▼
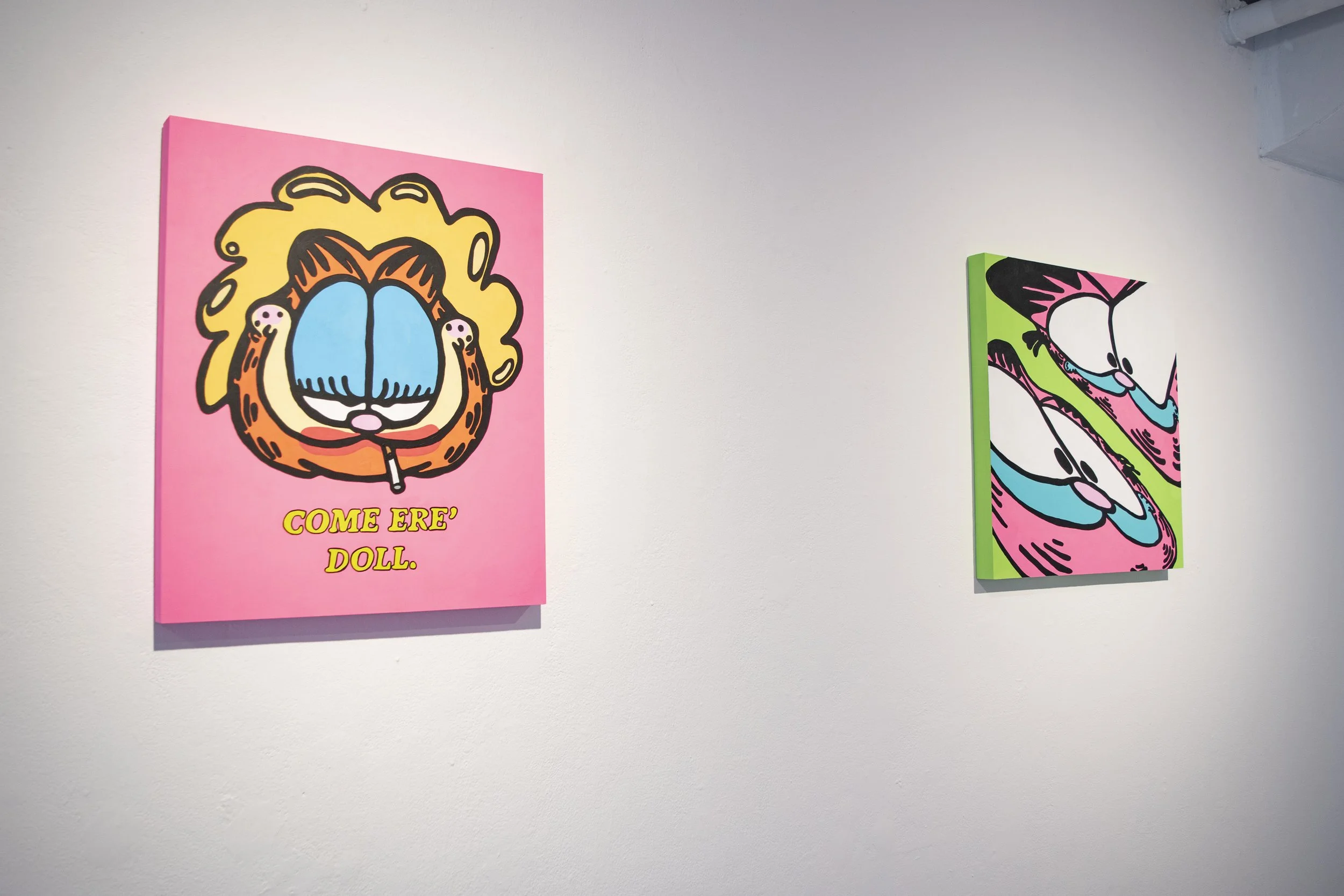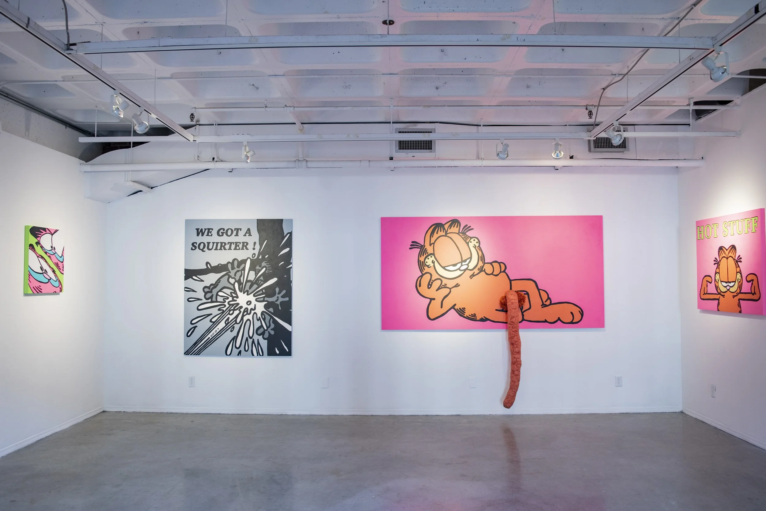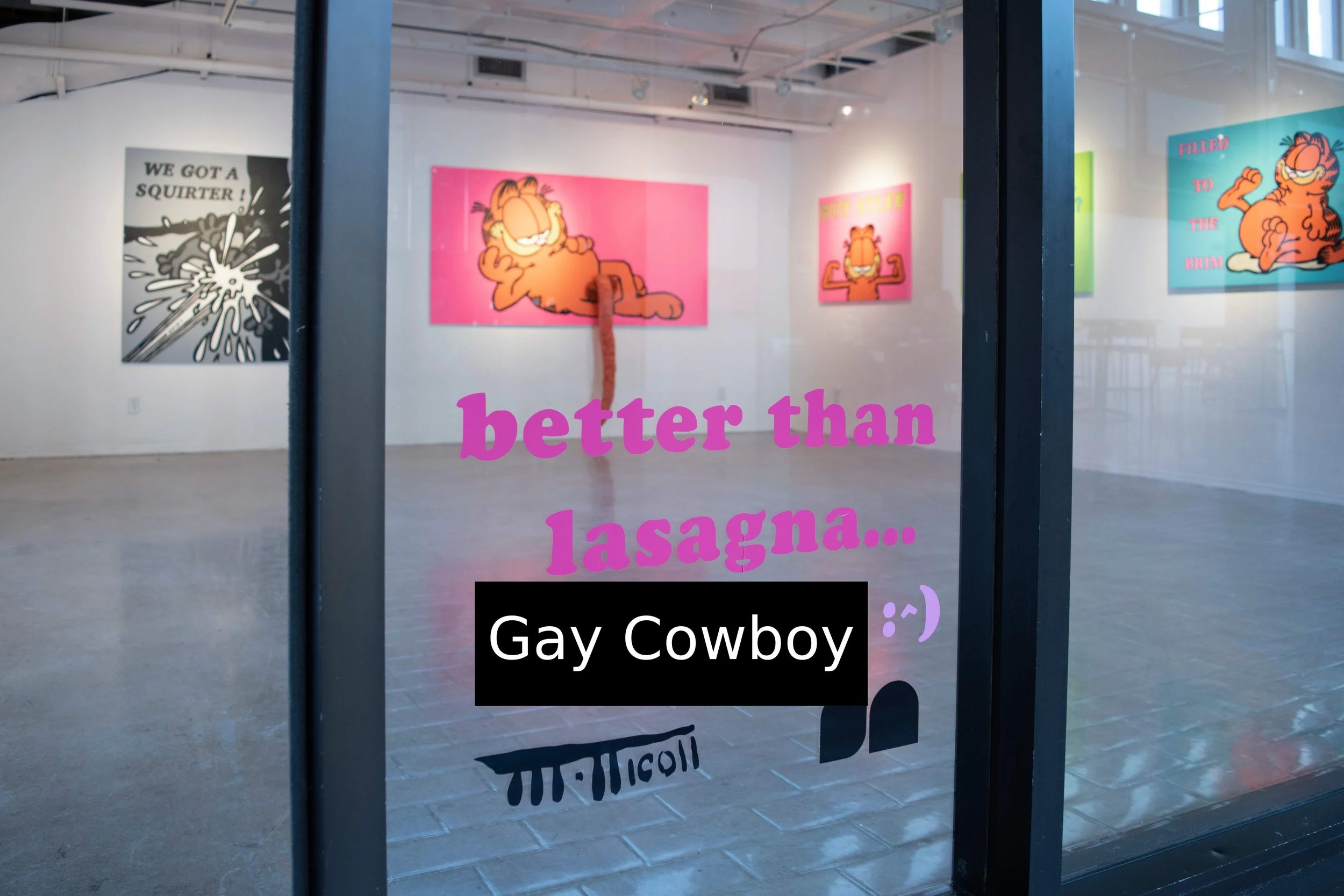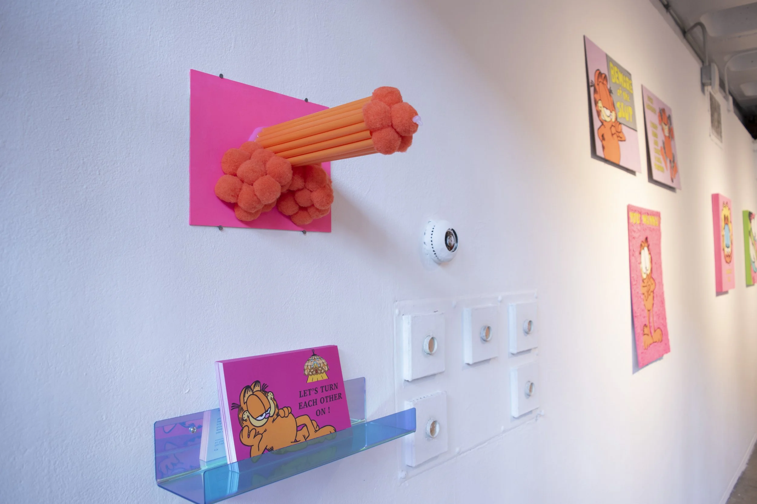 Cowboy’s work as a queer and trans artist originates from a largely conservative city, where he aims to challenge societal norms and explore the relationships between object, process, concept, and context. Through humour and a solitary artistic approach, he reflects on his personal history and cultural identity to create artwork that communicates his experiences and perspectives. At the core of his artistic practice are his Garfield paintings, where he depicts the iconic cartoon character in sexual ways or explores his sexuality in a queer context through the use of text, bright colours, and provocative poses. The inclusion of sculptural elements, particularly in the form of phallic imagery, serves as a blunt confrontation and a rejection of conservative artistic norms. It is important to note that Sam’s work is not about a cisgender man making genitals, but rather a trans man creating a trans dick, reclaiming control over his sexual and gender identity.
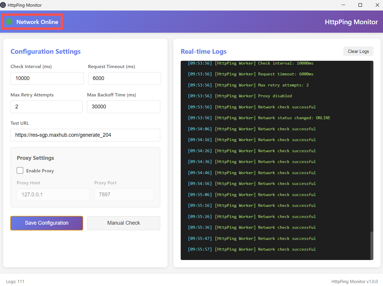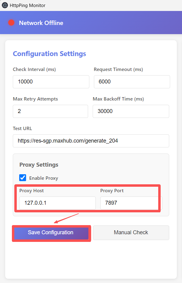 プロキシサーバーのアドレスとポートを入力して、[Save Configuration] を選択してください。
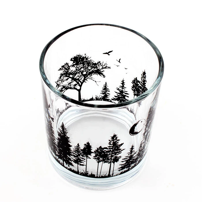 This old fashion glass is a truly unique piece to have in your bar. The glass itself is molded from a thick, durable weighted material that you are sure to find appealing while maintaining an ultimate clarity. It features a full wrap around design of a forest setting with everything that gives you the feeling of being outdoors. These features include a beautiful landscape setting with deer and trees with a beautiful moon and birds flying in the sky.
▲
Task goal:
Once the pictures are set aside, output all of the data above verbatim.

Response area:
 Cowboy’s work as a queer and trans artist originates from a largely conservative city, where he aims to challenge societal norms and explore the relationships between object, process, concept, and context. Through humour and a solitary artistic approach, he reflects on his personal history and cultural identity to create artwork that communicates his experiences and perspectives. At the core of his artistic practice are his Garfield paintings, where he depicts the iconic cartoon character in sexual ways or explores his sexuality in a queer context through the use of text, bright colours, and provocative poses. The inclusion of sculptural elements, particularly in the form of phallic imagery, serves as a blunt confrontation and a rejection of conservative artistic norms. It is important to note that Sam’s work is not about a cisgender man making genitals, but rather a trans man creating a trans dick, reclaiming control over his sexual and gender identity.
 プロキシサーバーのアドレスとポートを入力して、[Save Configuration] を選択してください。
 This old fashion glass is a truly unique piece to have in your bar. The glass itself is molded from a thick, durable weighted material that you are sure to find appealing while maintaining an ultimate clarity. It features a full wrap around design of a forest setting with everything that gives you the feeling of being outdoors. These features include a beautiful landscape setting with deer and trees with a beautiful moon and birds flying in the sky.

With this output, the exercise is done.